This arose as an idea to pin down some types that Scala could not infer on its own. A manually expanded version works:

val m = helpers[Int]
import m._
(foo: Int)

However, my naive attempt at a macro failed:

import scala.reflect.macros.blackbox.Context

object Open {
  def open[T](m: Any)(t: T): T = macro open_impl[T]

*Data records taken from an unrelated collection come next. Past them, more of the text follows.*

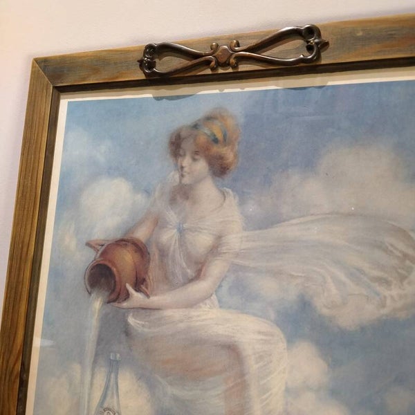 Peu commune, cette superbe grande affiche publicitaire vintage "Vittel Grande Source"! Impression d'inspiration mythologique, femme aux airs de déesse tenant une cruche. Cadre vitré en bois rustique, décoration en métal cuivré sur le haut. Pour une jolie touche rétro, poétique et romantique!
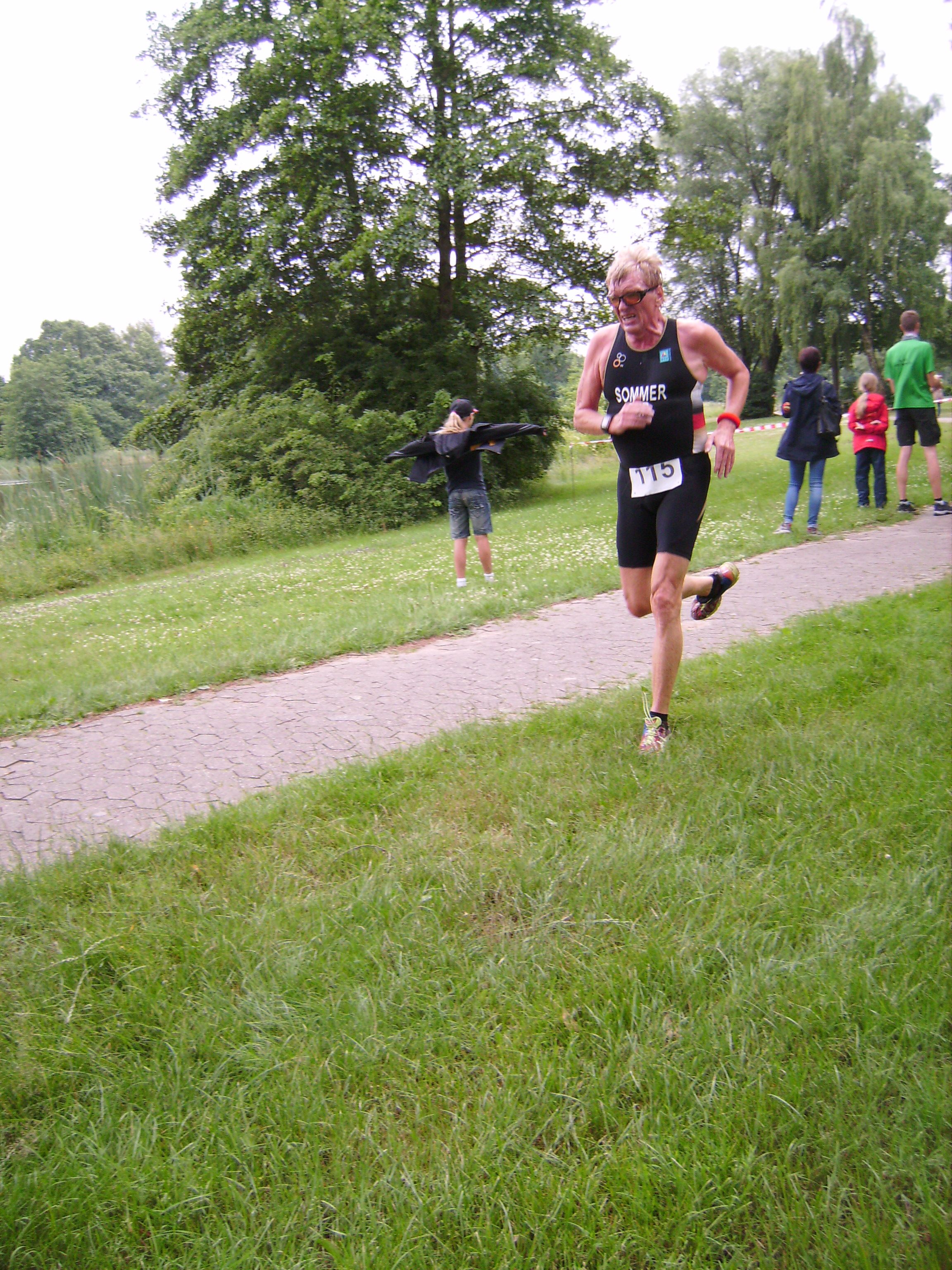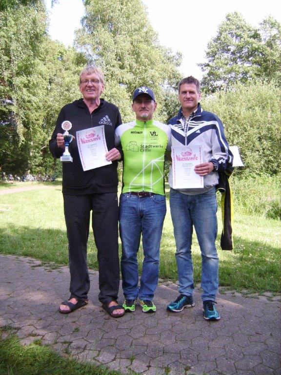 Als erster VfL’er wechselte Lübke auf die Laufstrecke. Dicht gefolgt dann Schreiber, der seinen Teamkollegen jedoch bereits nach gut einem Kilometer ein- und überholte und seinen Vorsprung bis ins Ziel auf 1:15 Minute ausbauen konnte und als schnellster VfL’er mit einer Gesamtzeit von 1:06,46 Std. auf dem 19.Platz der Gesamtwertung einlief, Lübke dann in 1:08,01 Std. auf dem 24.Platz. Sommer lieferte einen sehr guten Wettkampf ab und folgte seinen Teamkollegen gut gelaunt nur wenige Minuten später auf dem 42.Platz in 1:12,23 Std., so dass sich die VfL’er in der Teamwertung immerhin noch den 3.Platz und einen Pokal sichern konnten. Dittmar musste sich aufgrund eines wenige Tage zuvor im Training zugezogenen Muskelfaserrisses im Wettkampf etwas zurückhalten, finishte aber in 1:16,20 Std. souverän und zeigte sich erleichtert, dass die Wade hielt.
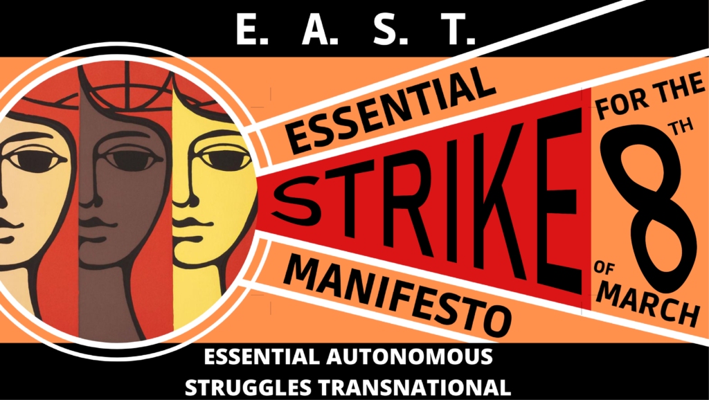 Nieuws Manifest voor Essentiële Staking op 8 maart Wij zijn de vrouwen die van essentieel belang zijn om de hele wereld van de pandemie te genezen. Wij doen essentieel werk en toch bevinden… EAST/Transnational Strike Platform 9 februari, 2021 · 9 min leestijd

  def open_impl[T](c: Context)(m: c.Tree)(t: c.Tree): c.Tree = {
    import c.universe._
    val freshName = TermName(c.freshName("import$"))
    q"{ val $freshName = $m; import $freshName._; $t }"
  }
}

The syntax I had in mind was the let open M in-syntax from OCaml. Problem being that the binding of variables seems to happen before the macro expansion:

import Open._
object Foo { val x = 7 }
open(Foo) { println(x) }

fails in the REPL with:

<console>:16: error: not found: value x
       open(Foo) { println(x) }

Any ideas how to work around this? Is it at all possible with macros? Or perhaps with a compiler plugin?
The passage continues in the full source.